Rating : 4/5
Genre : Drama
Year : 2013
Running time : 2 hours 10 minutes
Director : Subhash Kapoor
Cast : Arshad Warsi, Amrita Rao, Boman Irani, Harsh Chaya, Mohan Agashe, Saurabh Shukla, Sanjay Mishra
Kid rating : PG
A long while after “Sehar” comes another movie with a major role for Arshad Warsi. He is a dependable actor, a fact obscured by his “Munnabhai” genre roles. In Jolly LLB , Warsi is small time Meerut-base lawyer Jagdish Tyagi or Jolly. Dreaming of making it big, Warsi moves to Delhi and sets up shop at Tees Hazari. His practice isn’t quite chugging along, so when he sees a colleague file a PIL and gain publicity because of it, he decides to file a PIL too. The PIL he files is about a hit-and-run case, where a rich kid driving his LandCruiser has driven onto the pavement, killing several folk sleeping there.
As is normal for the Indian Justice system, the rich kid’s dad and his expensive, smarmy lawyer Advocate Rajpal (Boman Irani) have greased palms everywhere. They haven’t accounted for Jolly’s PIL though. Neither has Jolly.
This is, some might say, a formula film about the under-dog taking on the system. We have seen this ad nauseam in Hindi cinema – very been there done that. Still Warsi and Rao bring a freshness to it. Of course, the honest path is hard to tread and the deck is stacked against our hero. Jolly gets a little help from Judge Tripathi (Saurabh Shukla). Rotund, bespectacled Tripathi is a veteran of the Indian Courts. He defers to Advocate Rajpal, and seems to be good friends with everybody else. You wonder which side he is on.

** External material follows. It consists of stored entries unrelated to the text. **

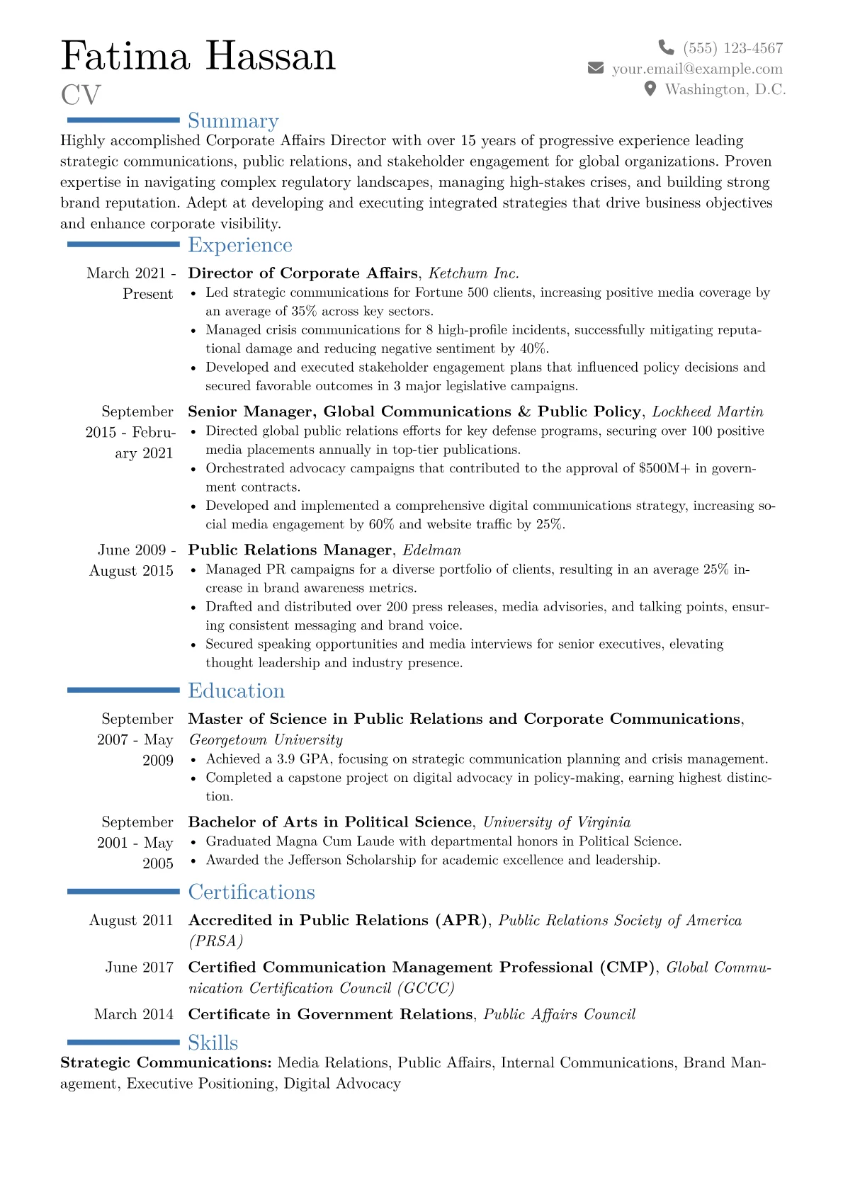 This template was built with JobSprout and can be remixed to create your own tailored Corporate Affairs Director resume.
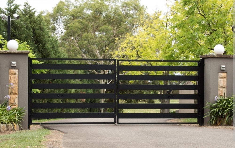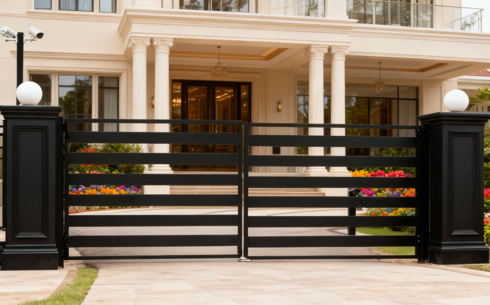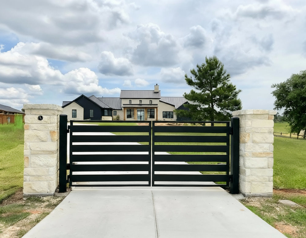 Elevate your entrance with Stratus Linea, a sleek double swing gate featuring precision-aligned horizontal slats and a matte black finish. Framed by light stone pillars and accented with spherical lighting, this gate offers privacy, symmetry, and contemporary elegance—perfect for upscale residences, minimalist estates, or countryside villas with architectural flair.
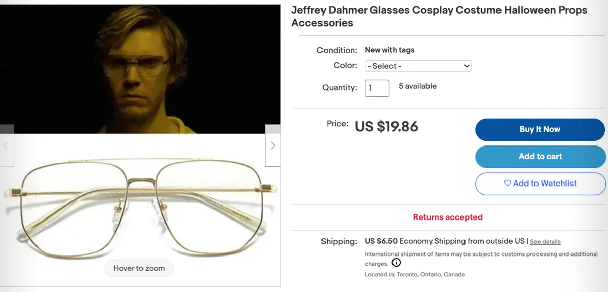 Volgens TMZ werden er talloze Dahmer-verkleeditems aangeboden op eBay. Denk aan brillen, pruiken en overhemden die acteur Evan Peters in de serie droeg. Die items worden door de website nu dus allemaal verwijderd. In het beleid staat dat er geen ruimte is voor "items die nauw verband houden met of ten goede komen aan gewelddadige misdadigers, hun daden of plaatsen delict van de afgelopen 100 jaar".
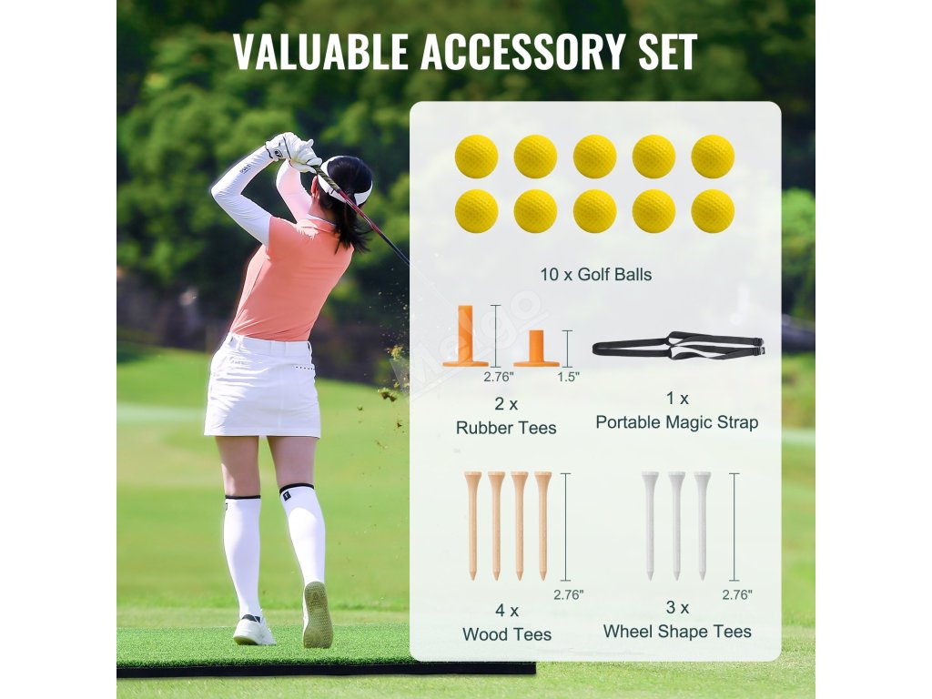 Golfová odpalovací podložka 5×4ft umělý trávník 10 míčků 9 tee
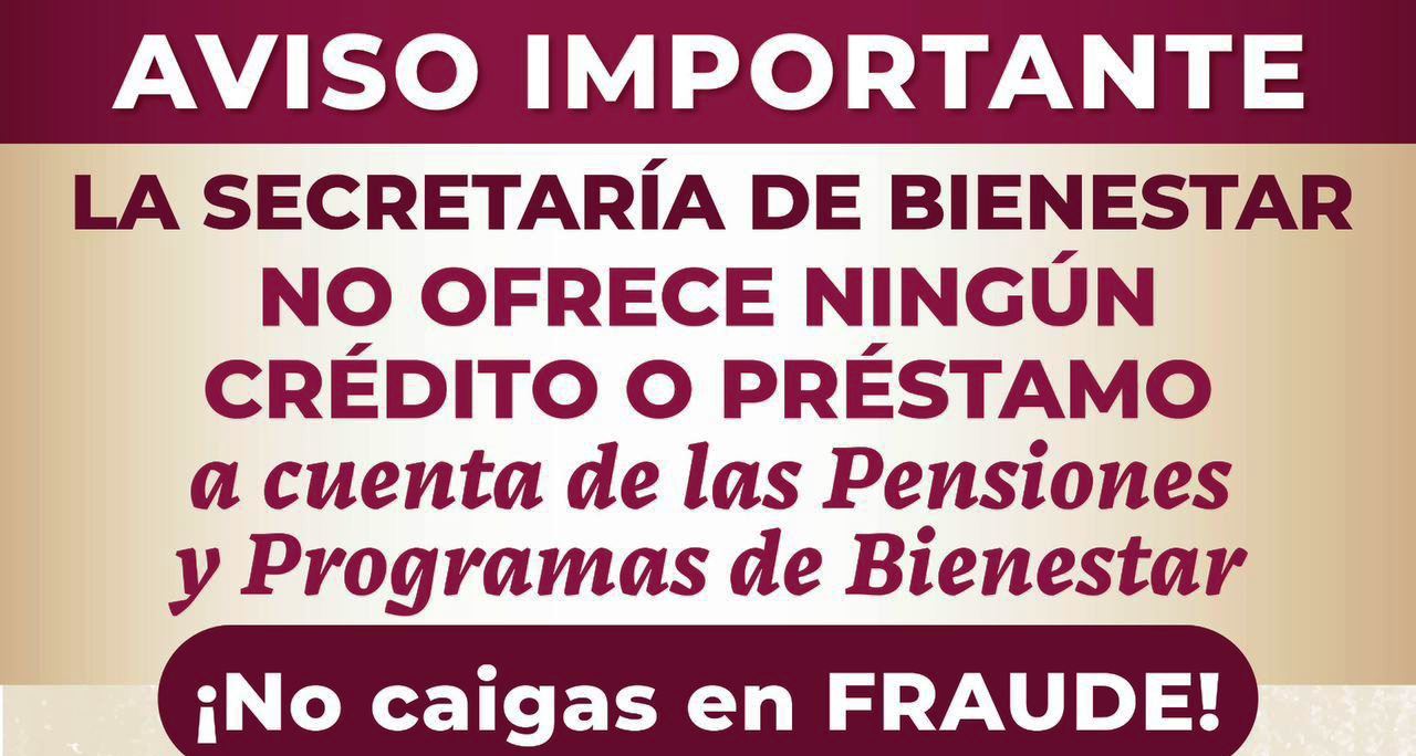 Convocó a la población a no dejarse sorprender por este tipo de engaños, no contestar los mensajes donde se les ofrecen préstamos, ni proporcionar datos personales, número o NIP de la tarjeta del Banco del Bienestar.
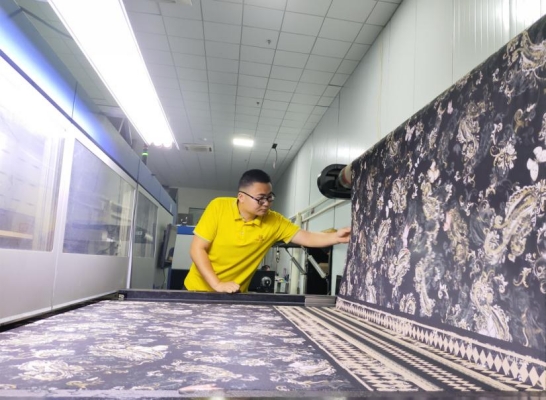 在忻城繭絲綢產(chǎn)業(yè)園印花廠內(nèi),數(shù)碼印花機正在進行絲綢數(shù)碼噴印
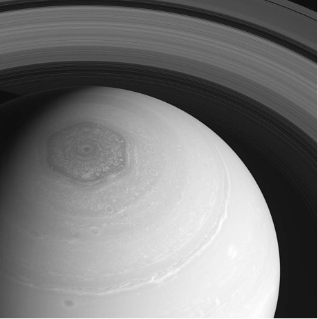 Beyond its unique rings, Saturn’s north pole is equally intriguing to scientists. It is shaped like a hexagon – a constantly rotating hexagonal vortex.
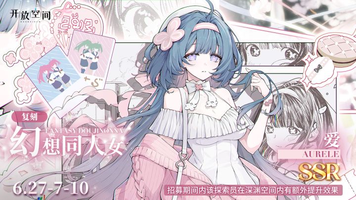 "冒险开始,标题是:浪漫空间少女与命运邂逅。"SSR探索员「幻想同人女-爱」复刻登场,获取概率大幅提高!请队长不要错过哦! ✦招募开放时间✦2025年6月27日维护更新后 - 7月10日23:59 ✦招募说明✦*活动期间,SSR探索员「爱」的获取概率大幅提高,每10次招募必得SR探索员。*每70次招募必出当期UP角色!(出其它 SSR 角色,保底不清空)*招募期间内该探索员在深渊空间
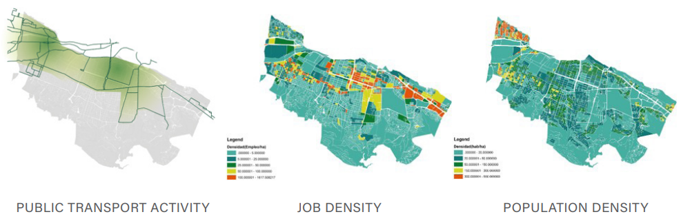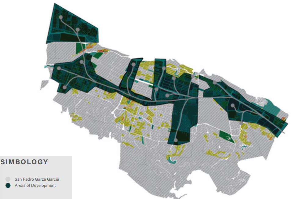San Pedro Garza Garcia is understood as a fragmented municipality, in which twocity schemes are identified: concentrated areas of activity with high percentagesof commercial use and services where public transport routes and employment nucle are concentrated under a linear and dispersed growth trend, on the other handlow density areas and activity with uses mostly of single-family homes under a garden city scheme that work as buffers of the concentrated areas of development.
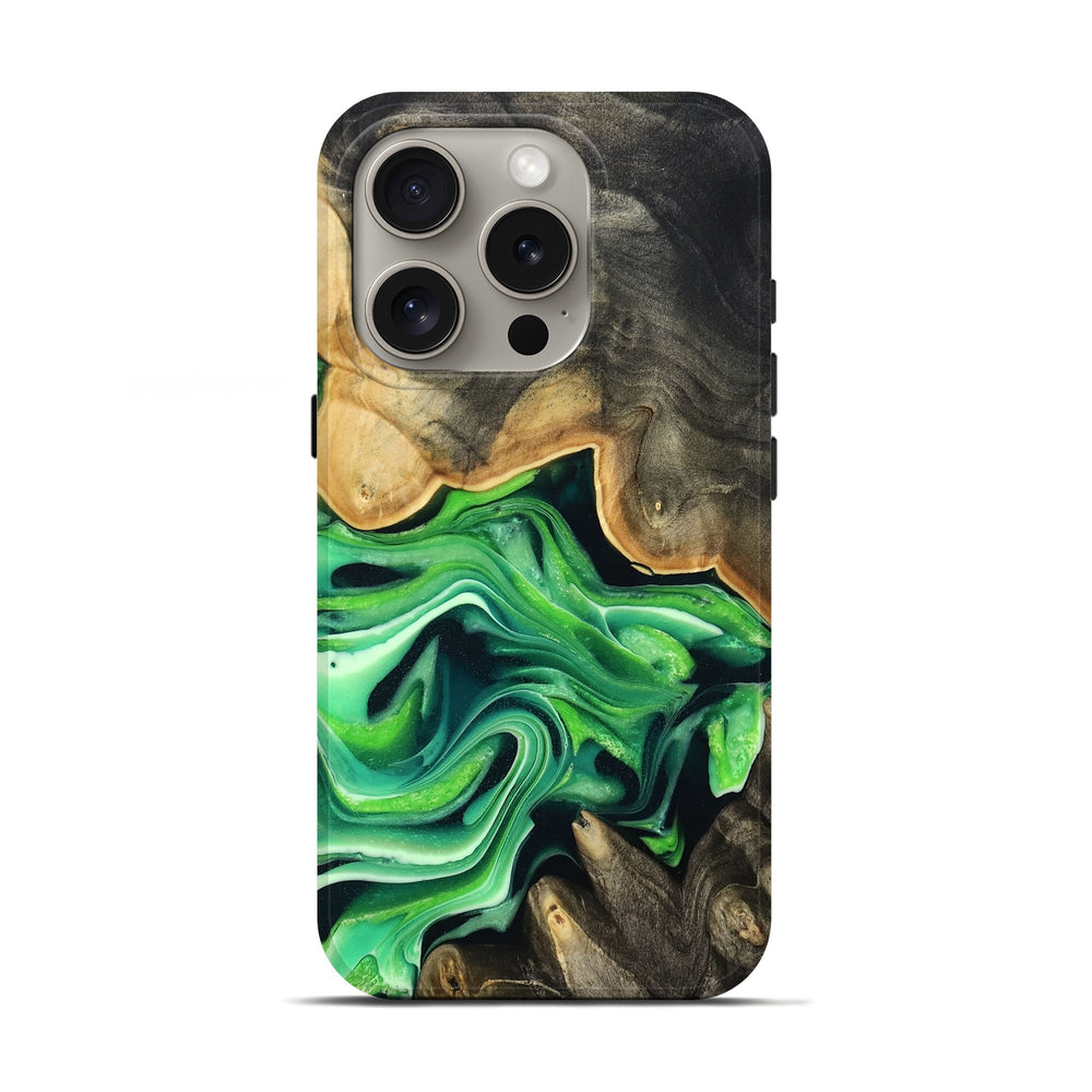 Our Live Edge cases are made from an amazing combination of stabilized wood burl and colored resin. Our stabilization process hardens the wood to protect against cracks and breaks. We do every step of the process at our shop in Northern Indiana. Perfectly fits the iPhone 16 Pro.

This film has its heart in the right place. Its hero is a common man, caught up in the rush to become someone, someone with enough money to afford a good life. And that seems struggle enough. There are shortcuts; one only must bend. But vulnerable as Jolly is , he wins you over with his earnestness and his good heart, and his ability to take beating after beating (some physical and some not) and still not lose his die-hard spirit. His character keeps you in the film, for there are few films and few heroes which portray a vulnerable protagonist so well. This one does. And Warsi makes it possible.
Warsi is ably aided by the director and the fairly strong script and screenplay. The rest of the actors – even ones in small roles – are impeccable. This is a good film – one of the best this year. Highly recommended.
Kidwise : The film is pretty clean and free of vulgarity. The subject matter (violence/court-proceedings/corruption) may not appeal to very young children, but the film itself is PG.